Par 3 Contest 2026 Recap: Aces, a Repeat Ace from Bradley, and a Quiet Wednesday at Augusta

Par 3 Contest 2026 Recap: Aces, a Repeat Ace from Bradley, and a Quiet Wednesday at Augusta
Photo: Photo by Courtney Cook on Unsplash

The Par 3 Contest is the one afternoon at Augusta National where the scoreboard does not really matter, which of course is why it matters so much. Wednesday at the 2026 Masters gave the patrons a relaxed, sun-dappled curtain-raiser before the tournament proper began on Thursday morning, and the field duly obliged with a handful of aces, a procession of small children in the white jumpsuits, and the usual long queues of players waiting their turn on the par-3 course designed around Ike’s Pond.

The aces

Justin Thomas set the tone early by making the first hole-in-one of the afternoon, a nine-iron that pitched once and vanished. The patrons around the tee did the thing they always do, which is behave like they are watching a magic trick for the first time, and Thomas did the thing the players always do, which is shake a few hands and then pretend none of it matters because of the superstition hanging over the contest.

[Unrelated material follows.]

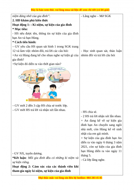 - HS nêu được tên, thông tin sự kiện của gia đình bạn An và bạn Hùng. * Cách tiến hành: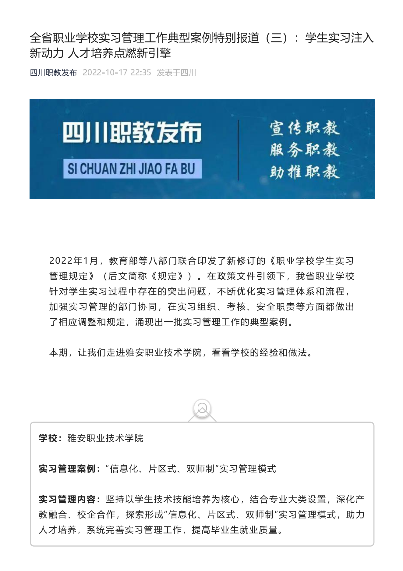 《全省职业学校实习管理工作典型案例特别报道(三):学生实习注入新动力人才培养点燃新引擎》

Wyndham Clark added another ace later in the afternoon, a crisp wedge that skipped and stopped cleanly. But the moment everyone is still talking about belongs to Keegan Bradley, who holed out for the second year in a row and became the first player in Par 3 Contest history to record aces in back-to-back editions. Bradley’s face told the story. He knew, because everybody in golf knows, that no player has ever won the Par 3 Contest and gone on to win the Masters in the same week. That is a statistic he does not need to worry about, because he did not lift the trophy on Wednesday afternoon, but the two consecutive aces are the sort of thing that will follow him around until he stops playing.

The curse that keeps on giving

Ben Crenshaw popularised the line that the Par 3 Contest is “the one trophy you do not want to win this week”, and it has hardened into one of those Augusta traditions that every player now approaches with a mixture of smirk and suspicion. A few of the early contenders on Wednesday made very deliberate efforts to bogey the closing holes, which is faintly ridiculous and completely in keeping with the spirit of the thing. You could see Tommy Fleetwood debating whether to tap in or casually lip out. Collin Morikawa was spotted handing his putter to his daughter on a holeable putt, which is the cleanest possible way of avoiding both the trophy and the curse.

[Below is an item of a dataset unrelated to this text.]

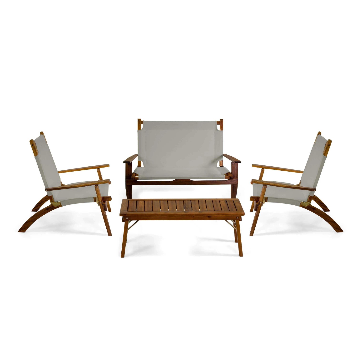 Struttura in legno di acacia oliata colore naturale. Seduta in tessuto misto cotone/poliestere 360gr colore grigio. Misure: - Poltrone cm76x89h91 - Divano 2 posti cm127x89h91 - Tavolino cm100x50h37. Articolo in legno NON FSC. Arreda il tuo giardino con soluzioni eleganti e confortevoli, ideali per creare ambienti accoglienti e vivere al meglio l`aria aperta. Ideali per esterni e interni, i nostri set valorizzano portici, salotti e taverne offrendo comfort, durata e uno stile sempre attuale.

The result of all this is that the actual winner of the contest tends to be someone already resigned to a quiet Masters week, or an amateur, or a past champion playing for fun. The official scoreboard gets less attention than the holes-in-one, and nobody minds.

The families

What will stay with the patrons watching in person, as always, is not really the golf. It is the children in the white caddie jumpsuits, the wives and partners taking their turn on the tee, the past champions walking the course one more time, and the moment at every green where someone’s kid reads a putt with the seriousness of a touring professional and then rolls it in from eight feet. The Par 3 Contest is at its best when it stops pretending to be a competition and simply becomes a family day at a golf course that, for every other hour of every other week of the year, does not really do family days.

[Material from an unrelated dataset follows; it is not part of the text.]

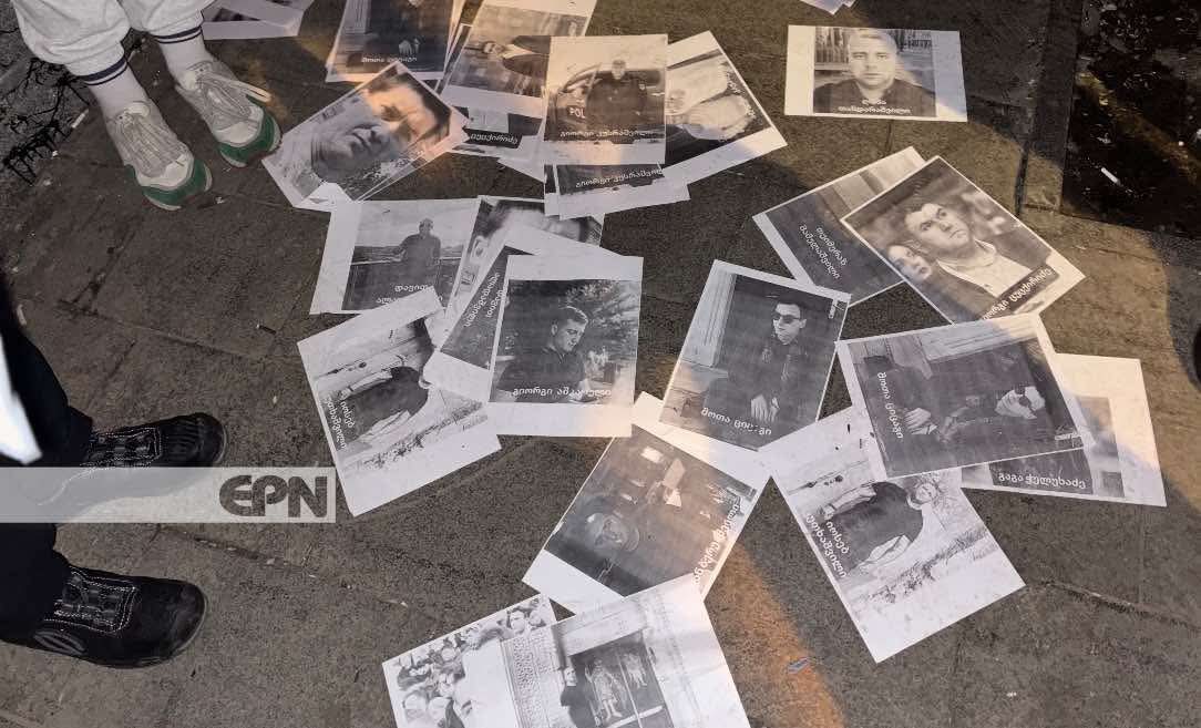 აქციის მონაწილეებმა ჭიჭინაძის ქუჩაზე პოლიციელთა ფოტოსურათები დაყარეს [ვიდეო]

Rory McIlroy played with his daughter Poppy in tow, the two of them laughing at a cleanly struck wedge that somehow ended up in the pond. Scottie Scheffler played early and left early, in that understated way he has, and his wife Meredith kept the children in front of the ropes on the walk back to the clubhouse. Justin Rose, who was so close to the green jacket a year ago, looked entirely at peace with where he is in his career.

What it tells us about Thursday

Nothing, which is the honest answer. The Par 3 Contest is almost useless as a predictor of how the Masters itself will play out. The best thing it does is give the players a low-stakes afternoon before the tee boxes on the real course get moved back, the hole locations start getting tucked, and the patrons stop clapping for lay-ups.

What it gave us this year was a small, warm reminder that the grounds at Augusta in April are still the best place in golf, a confirmation that Keegan Bradley is playing with a freedom he did not have a couple of years ago, and a harmless superstition that a handful of players will spend Thursday morning actively not thinking about. The tournament begins at first light with Jack Nicklaus, Gary Player and Tom Watson hitting the ceremonial tee shots, and from that moment on nothing that happened on Wednesday will matter. But it was a nice afternoon while it lasted.